> What is required
All the data below goes into the copy word for word, but the pictures don't.

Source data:
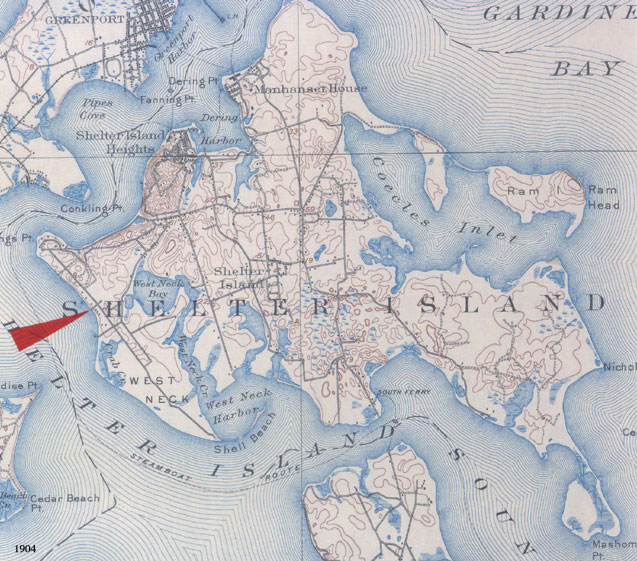 This is a 1904 USGS map of Shelter Island. The red arrow is pointing to the Rocky Point Avenue
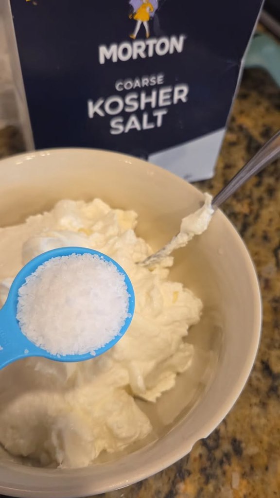 - It is ideal to use whole milk Greek yogurt as this is the thickest available. Low fat or non-Greek yogurt will not give you the results you seek. Stir together the yogurt and salt, mixing them in a bowl.
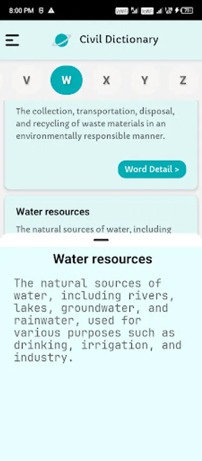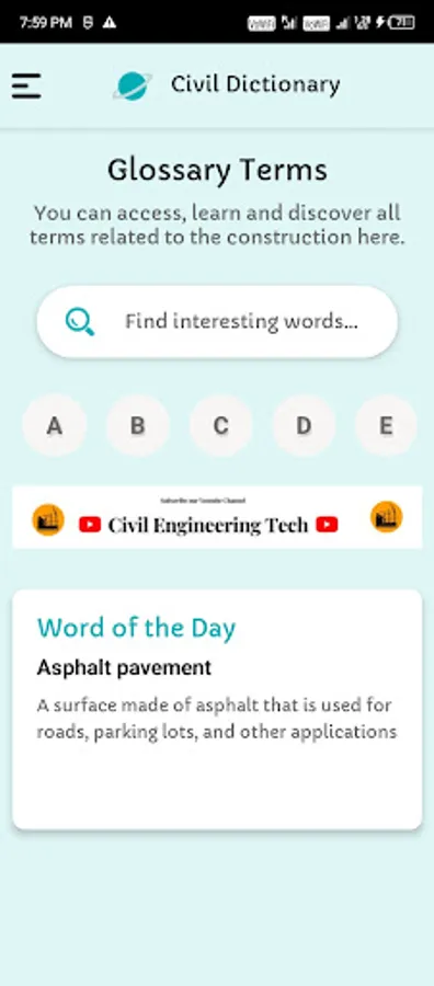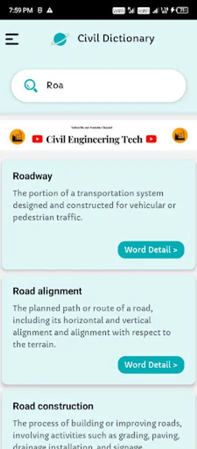 The app offers a powerful search feature that allows users to quickly find specific terms by entering keywords or phrases. Whether you're looking for definitions of construction materials, structural elements, surveying techniques, or any other aspect of civil engineering, the search feature ensures efficient and precise results.
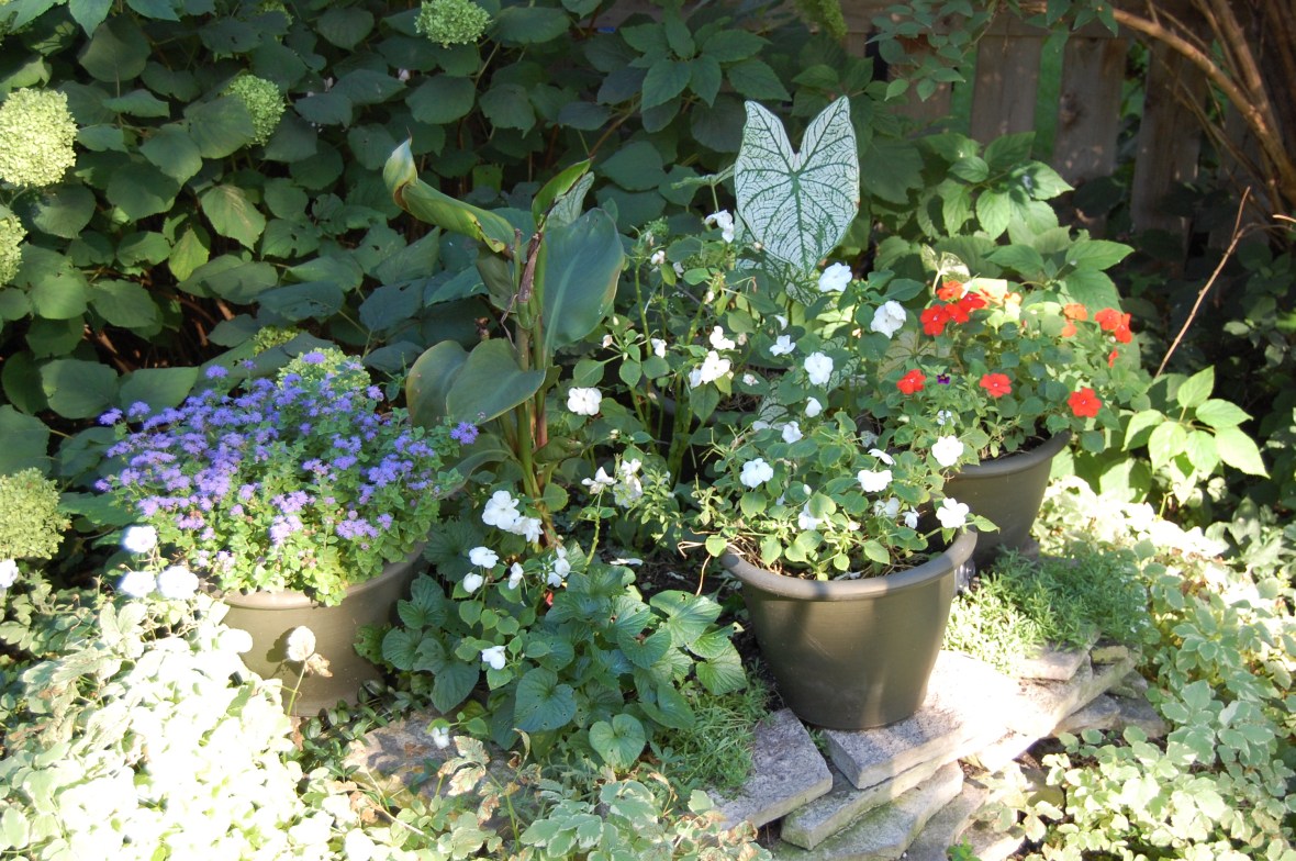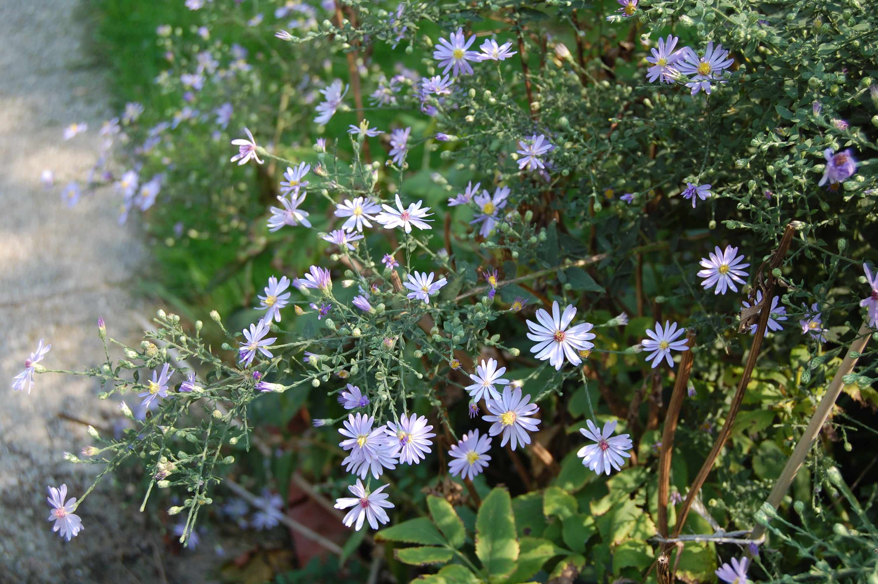 I also got to see my brother’s garden, though at this point in October there isn’t much color. I did admire his water feature, however. The little pond has its own waterfall created by pumping water up a hole drilled through a small boulder. Shallow depressions have been cut in the boulder for the benefit of the birds.
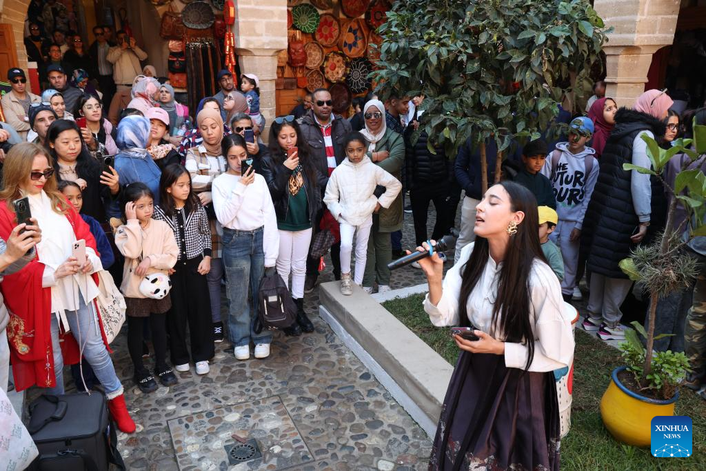 A Moroccan singer sings a Chinese song during a cultural event marking the coming Chinese Spring Festival in Rabat, Morocco, on Jan. 27, 2024. The cultural event kicked off here on Jan. 22 and concluded on Jan. 27 to celebrate the upcoming Chinese Lunar New Year of the Dragon. (Xinhua/Huo Jing)
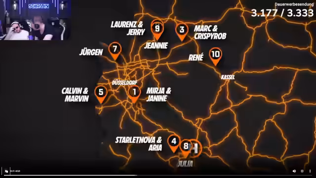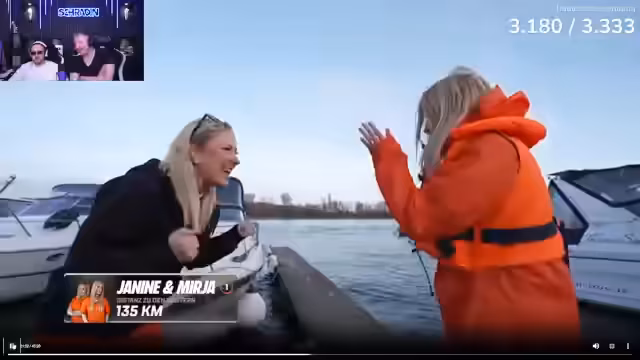 02:15:08Die Streamer befinden sich auf der Fahrt und versuchen, den Zielen der Show hinterherzujagen. Ein Ziel, das angeblich in Koblenz ist, erweist sich als Täuschungsmanöver, um die 'Huntern' zu verwirren. Die Streamer analysieren die Aktion und kommentieren, wie die teilnehmenden Paare versuchen, sich gegenseitig mit strategischen Moves und Psychospieleinsätzen zu täuschen, was den Reiz des Formats ausmacht.
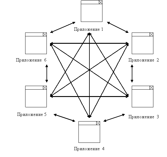 Большое количество систем, стандартов и технологий приводит к тому, что эффективно связать разные источники данных в одну систему не получается. Даже такие, на первый взгляд однородные источники, как системы управления базами данных, применяют языки запросов и форматы представления выбираемой информации, которые редко полностью совместимы между собой. Как следствие, проекты интеграции в таких условиях требуют больших усилий - требуется вникать в детали различных баз данных, протоколов, операционных систем и так далее. В результате интеграция нескольких приложений или систем реализуется по схеме, представленной ниже:

> Answer
 This is a 1904 USGS map of Shelter Island. The red arrow is pointing to the Rocky Point Avenue
 - It is ideal to use whole milk Greek yogurt as this is the thickest available. Low fat or non-Greek yogurt will not give you the results you seek. Stir together the yogurt and salt, mixing them in a bowl.
 The app offers a powerful search feature that allows users to quickly find specific terms by entering keywords or phrases. Whether you're looking for definitions of construction materials, structural elements, surveying techniques, or any other aspect of civil engineering, the search feature ensures efficient and precise results.
 I also got to see my brother’s garden, though at this point in October there isn’t much color. I did admire his water feature, however. The little pond has its own waterfall created by pumping water up a hole drilled through a small boulder. Shallow depressions have been cut in the boulder for the benefit of the birds.
 A Moroccan singer sings a Chinese song during a cultural event marking the coming Chinese Spring Festival in Rabat, Morocco, on Jan. 27, 2024. The cultural event kicked off here on Jan. 22 and concluded on Jan. 27 to celebrate the upcoming Chinese Lunar New Year of the Dragon. (Xinhua/Huo Jing)
 02:15:08Die Streamer befinden sich auf der Fahrt und versuchen, den Zielen der Show hinterherzujagen. Ein Ziel, das angeblich in Koblenz ist, erweist sich als Täuschungsmanöver, um die 'Huntern' zu verwirren. Die Streamer analysieren die Aktion und kommentieren, wie die teilnehmenden Paare versuchen, sich gegenseitig mit strategischen Moves und Psychospieleinsätzen zu täuschen, was den Reiz des Formats ausmacht.
 Большое количество систем, стандартов и технологий приводит к тому, что эффективно связать разные источники данных в одну систему не получается. Даже такие, на первый взгляд однородные источники, как системы управления базами данных, применяют языки запросов и форматы представления выбираемой информации, которые редко полностью совместимы между собой. Как следствие, проекты интеграции в таких условиях требуют больших усилий - требуется вникать в детали различных баз данных, протоколов, операционных систем и так далее. В результате интеграция нескольких приложений или систем реализуется по схеме, представленной ниже:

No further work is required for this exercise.